Armado con un machete, y sin más prueba que su dicho, aseguró ser pequeño propietario –que no ejidatario- de varias hectáreas de bosque y verdes parajes en los que sus animales suelen pastar.
"Las llantas de la bicicleta aplastan el pasto y los animales ya no lo comen", argumentó el hombre de sombrero y huaraches, quien sin embargo, tuvo supuestamente recursos millonarios suficientes para adquirir enormes extensiones de terreno que a simple vista parecen áreas ecológicas o suelo de conservación federal, y en los que no hay ningún aviso de propiedad privada.
Precisamente uno de los argumentos de López Obrador para ganar adeptos en favor del proyecto de la Ciclovía fue la conservación de la zonas protegidas. Por lo menos eso dijo en sus discursos.
Pero hoy es fácil constatar que el bosque prácticamente ha sido sustituido por interminables asentamientos humanos irregulares, casas con techos de lámina y cartón –conectadas ilegalmente a tomas de electricidad- y la proliferación inexplicable de sembradios donde hasta hace muy poco había muchos árboles.
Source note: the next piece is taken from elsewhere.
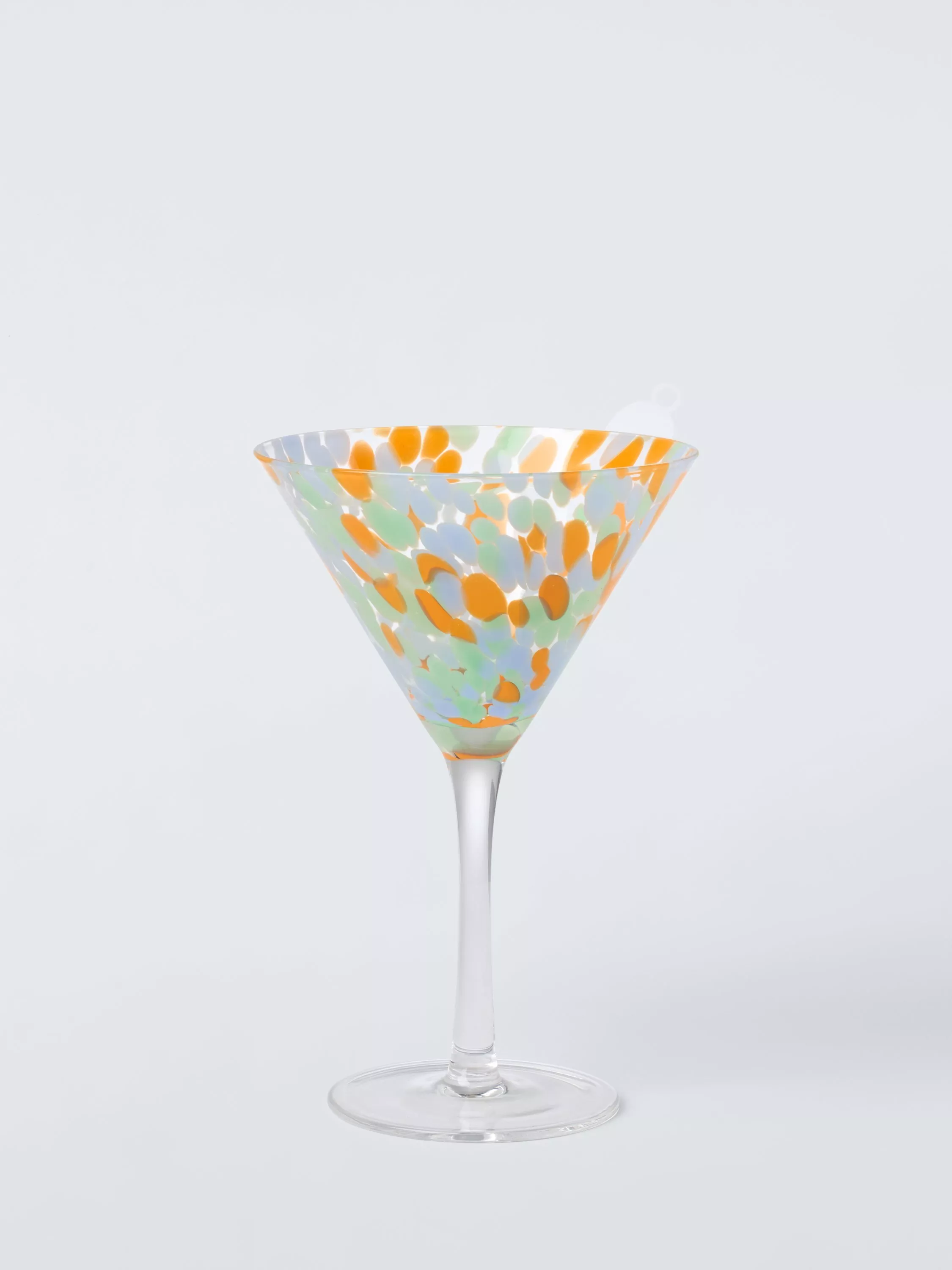 Stemmed Martini cocktail glass. The decorative confetti-style pattern is handmade with a technique that creates subtle variations from piece to piece, making each item unique.

Imposible que la fauna Silvestre haya podido sobrevivir tal invasion. Ya no se observa ni una ardilla.
Grandes extensiones de maizales ahogados por el exceso de agua y humedad, delimitados por alambres de púas y postes de madera de pinos derribados sin permiso, también son paisaje constante en el recorrido por la pista de ciclismo.
Cuando éste se lleva a cabo al mediodía, en varios tramos el camino es literalmente intransitable por el número de peatones que recogen a sus hijos de las escuelas, quienes de reojo ven al ciclista con cierto recelo cuando se atreve a alertarlos con el sonido de la clásica campanita en el manubrio.
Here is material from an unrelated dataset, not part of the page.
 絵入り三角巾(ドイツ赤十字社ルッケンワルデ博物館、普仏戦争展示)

De regreso, en downhill por la carretera Picacho Ajusco, los automovilistas y microbuseros de nuevo se encargan de recordarle al ciclista que por ahí no es seguro transitar. A todos indigna que una bicicleta los rebase o pueda desplazarse más rápido.
Las bromas pesadas como arrojarles líquidos desde autobuses de pasajeros o golpearles la espalda con tapetes enrollados desde vehículos particulares en movimiento los mantienen alerta en tramos donde no hay un sólo disco vial que exhorte al automovilista a tener precaución por la confluencia constante de ciclistas.
Y ahí mismo, reza el letrero enorme, a la vista de los miles que transitan diariamente por la carretera Ajusco-Picacho: “Ciclovía, recuperación de espacios públicos”, ¡Házla Tuya!
A la luz de la realidad actual de la Ciclovía, dicho slogan del Gobierno de la Ciudad de México, asemeja una burla cruel.

Obviamente los ciclistas no han podido “hacerla suya” y para “recuperar el espacio público” hace falta mucho más que una arenga popular o un letrero. Se necesitaría la acción de la autoridad o -en todo caso- una multitud de deportistas armados con palos y machetes vigilando en dos turnos cada uno de los 34 kilómetros desde los límites de la Delegación de Tlalpan, en la colonia Chichicaspa, hasta el poblado Fierro del Toro, en el estado de Morelos.
Por ello ha sido incluso más fácil desplazar a los automovilistas y ciclofóbicos urbanos, recuperando espacios como el Paseo de la Reforma, la Avenida Insurgentes o el Río Churubusco, aunque sea sólamente los domingos.